There’s the bartender at the local café, the one we call the PMU, even though it’s just a café that will sell you 8 euro packs of cigarettes sometimes, but you don’t get to choose the brand. He waves at me even when I’m just walking by, calls me ma belle, ma chérie, mon ange. I always stop to give him an exaggerated wave and smile, because apparently once I forgot, and it ruined his morning. I don’t know if i believe him, but I smile anyway. The last beer — I won’t say of how many — is always on the house, and we can pay for even just a demi with a credit card and get change back on 10 euro.
There’s the butcher, who I see rarely, as those who frequent this blog may guess, but if he’s ever out smoking, he calls me Emily, smiles, and sometimes says Emily-i-grec, just so that I know that he knows, that he remembers.
It’s been at least a year in the making, maybe more. But when I’m gone for a few days, they notice. When I’m in a hurry, they ask if everything is OK.

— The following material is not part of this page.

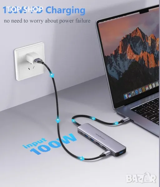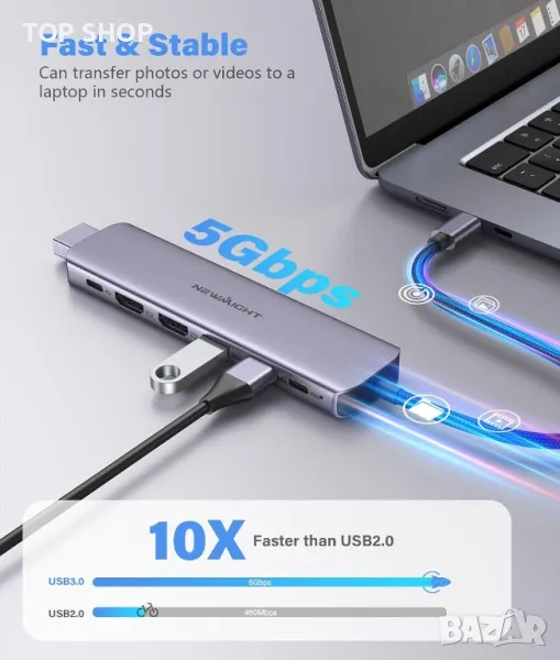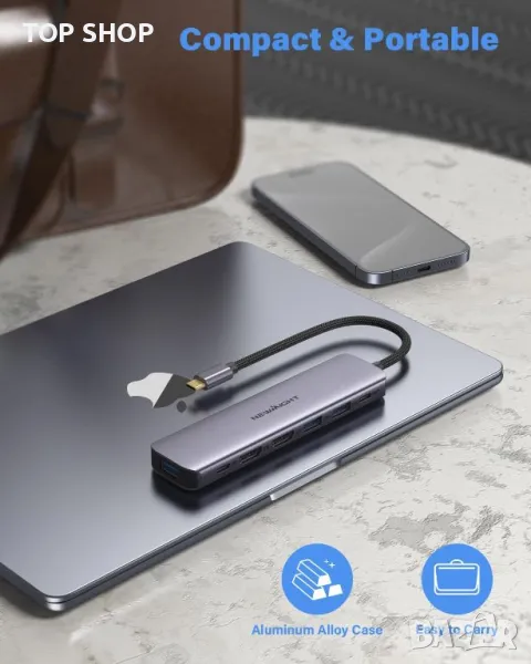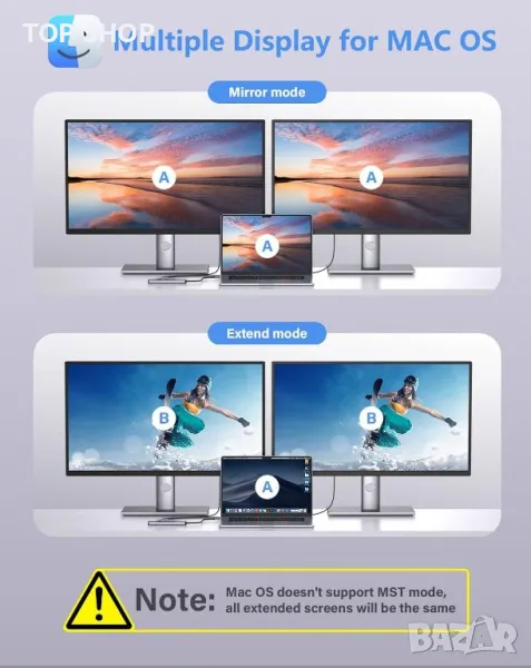 Този двоен HDMI адаптер е проектиран за ефективност и преносимост, включващ два HDMI порта, поддържащи 4K@30Hz за изживяване с висока разделителна способност, три USB 3.0 порта за бърз трансфер на данни до 5Gbps и USB-C порт с PD 100W за бързо зареждане . Той е plug-and-play, не изисква драйвери и е съвместим с повечето лаптопи тип C с Thunderbolt 3, включително различни модели от Apple, Samsung, Dell, Lenovo, HP и други. Адаптерът е изработен от издръжлива, устойчива на износване алуминиева сплав, осигуряваща добро разсейване на топлината и лека, компактна конструкция, идеална както за офис употреба, така и за пътуване. Забележка: В MacOS външните дисплеи ще отразяват същия изход.

I always wanted to be a regular somewhere, though when I wanted it, I assumed it would be at a dive bar. I can’t hide how happy I am, now, that I’m a regular at the places where I buy my groceries instead.
Cobb-ish Salad (serves 2)
100 grams lardons or bacon cut into matchsticks
2 chicken breasts
20 cherry tomatoes
1 red onion
50 grams Roquefort
1 avocado
2 Romaine hearts
2 Tbsp. mayonnaise
2 Tbsp. sour cream
2 Tbsp. cider vinegar
1 tsp. salt
fresh black pepper
Place the lardons in a cold pan and slowly heat. Allow the fat to render out. Cook until the lardons are slightly browned. Remove with a slotted spoon and set aside. Add the chicken breasts to the pan and cook 4-5 minutes per side, until completely browned. Remove and set aside.
Halve the cherry tomatoes. Thinly slice the onion. Dice the avocado and slice the romaine.
Whisk together the mayonnaise, sour cream, cider vinegar, salt and pepper. Toss in a large salad bowl with the romaine. Top with the tomatoes, onion, blue cheese, avocado, chicken and bacon. Serve.
Moving & I’m just starting to relate. I’m waiting for the day when I will be a regular here. I will never be a local – forever an import but one day I’m hoping to fit in almost completely.
What a beautiful salad, Emiglia. Loved reading about how your relationship with Paris has become something so special. Gotta get this salad made and then get ourselves to Paris. Someday.